The ability to easily and accurately perform system and resource management is critical to maintaining application and database performance, scalability and availability. Oracle8i introduced the Database Resource Manager to enable the prioritization of database operations by applying system resources according to business priorities defined by the database administrator. Oracle9i features a significantly enhanced Database Resource Manager with new capabilities which enable automated and proactive management of database resources to achieve service level objectives.

Availability of the database encompasses both its functionality and performance. If the database is available, but users are not getting the level of performance they need, availability and service level objectives are not being met. Application performance, to a large extent, is impacted by how resources are distributed among various applications accessing the database. The Oracle8i Database Resource Manager enables administrators to allocate CPU resources among database users and applications as well as limit the degree of parallelism of any operation. Using the Database Resource Manager, it is possible to balance one user˳ consumption against other users and partition system resources among tasks of varying importance to achieve overall enterprise goals. In Oracle9i, the Database Resource Manager can automatically detect long running operations and limit their resource consumption thereby preventing system wide performance degradation. Under certain extreme cases, it can even prevent an operation from starting if it is expected to run for an unacceptably long time consuming excessive system resources.

The Database Resource Manager allocates resources among users or applications based on a resource plan specified by the database administrator. A resource plan consists of directives specifying how resources should be distributed among various active users or applications. Users or applications are grouped into different resource consumer groups based on their resource requirements and business priority.

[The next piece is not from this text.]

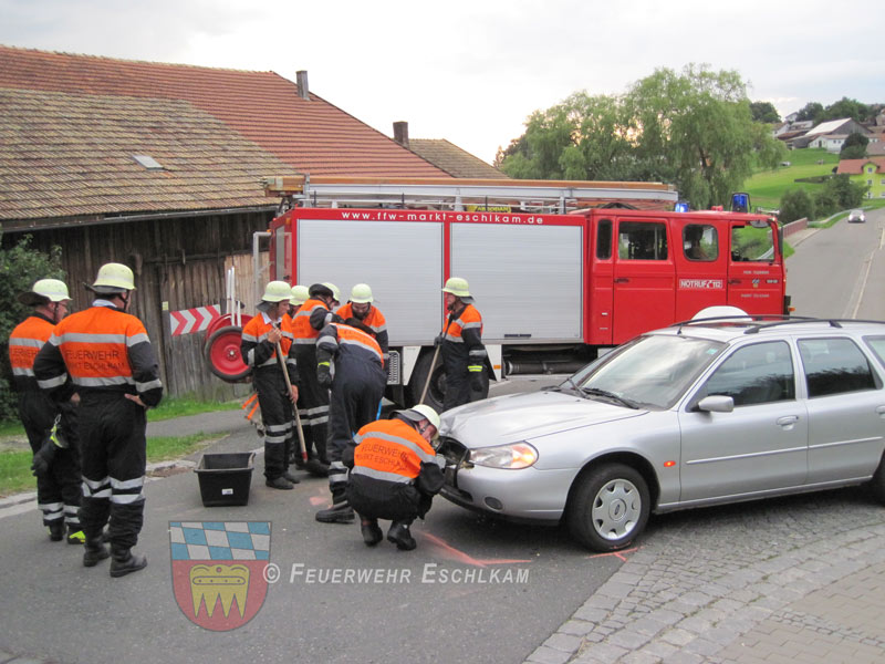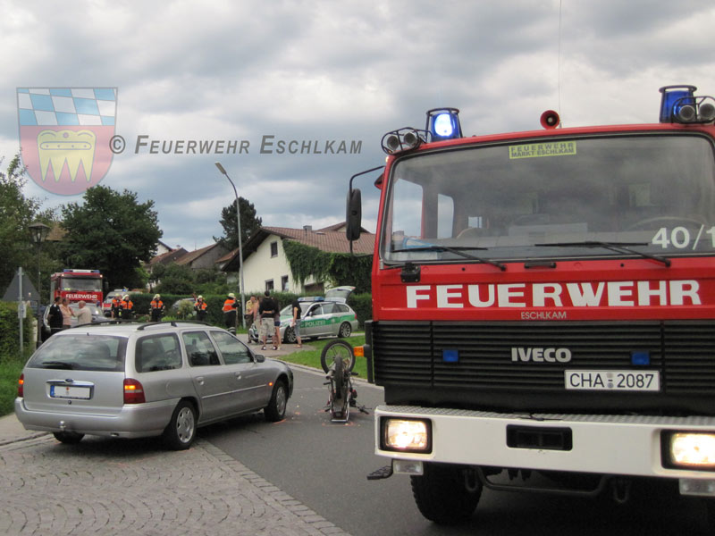 Von der Polizei wird die Feuerwehr Eschlkam angefordert, um auslaufende Kraftstoffe des Mofas zu binden. Dazu wird der Verkehr kurzzeitig umgeleitet.

In a Real Application Clusters (RAC) environment, member instances can be assigned different resource plans to tailor them to support different workloads. For example, in a two node cluster, one instance can use a resource plan which allocates most of its resources to online users while the other instance can use a different plan allocating most of its resources to batch operations. This allows different applications or users to use the same database without impacting each other.

Using resource plan directives, an administrator can define how resources should be distributed among various resource consumer groups. For example, a resource plan can be created to distribute system CPU resources among High, Medium and Low priority resource consumer groups in 80, 15 and 5 ratio. The resource available to an user or application depends on resources allocated to the resource consumer group it belongs to. The grouping of various database users or applications among different resource consumer groups is done when a resource plan is created. However it can also be dynamically changed by the Database Resource Manager based on an administrator defined criteria. For example, a database session can be automatically moved from the High to Medium priority resource consumer group if the operation it is executing is not completed within 5 minutes.

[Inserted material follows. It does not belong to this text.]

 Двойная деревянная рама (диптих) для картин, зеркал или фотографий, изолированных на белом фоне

It is also possible to limit the number of long running operations active simultaneously. It is therefore possible to direct the Database Resource Manager to ensure that not more than, let us say 3, Medium or Low priority operations are running concurrently. If the number of active operations belonging to these groups exceeds 3, new operations will be queued and allowed to run only when one of the three running operations has completed. Additionally, since the Database Resource Manager has the ability to estimate the execution time of an operation before beginning its execution. Database administrators can use it prevent unacceptably long resource intensive operations from starting by specifying a maximum estimated execution time limit at the resource consumer group level.

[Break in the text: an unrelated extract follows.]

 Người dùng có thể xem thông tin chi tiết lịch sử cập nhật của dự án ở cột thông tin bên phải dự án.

These capabilities allow the administrator to proactively limit the resources consumed by long batch operations and hence prevent them from impacting online users.

Plans within plans, or subplans can be defined. Subplans can be used to further re-partition resources within an application. Available resources can also be allocated within a resource plan at multiple levels. Levels are used to specify resource consumer group allocation limits and how unused resources should be distributed.

These capabilities of the Database Resource Manager provide database administrators unprecedented control over the distribution of database resources and enable them to implement very simple, yet powerful resource allocation policies.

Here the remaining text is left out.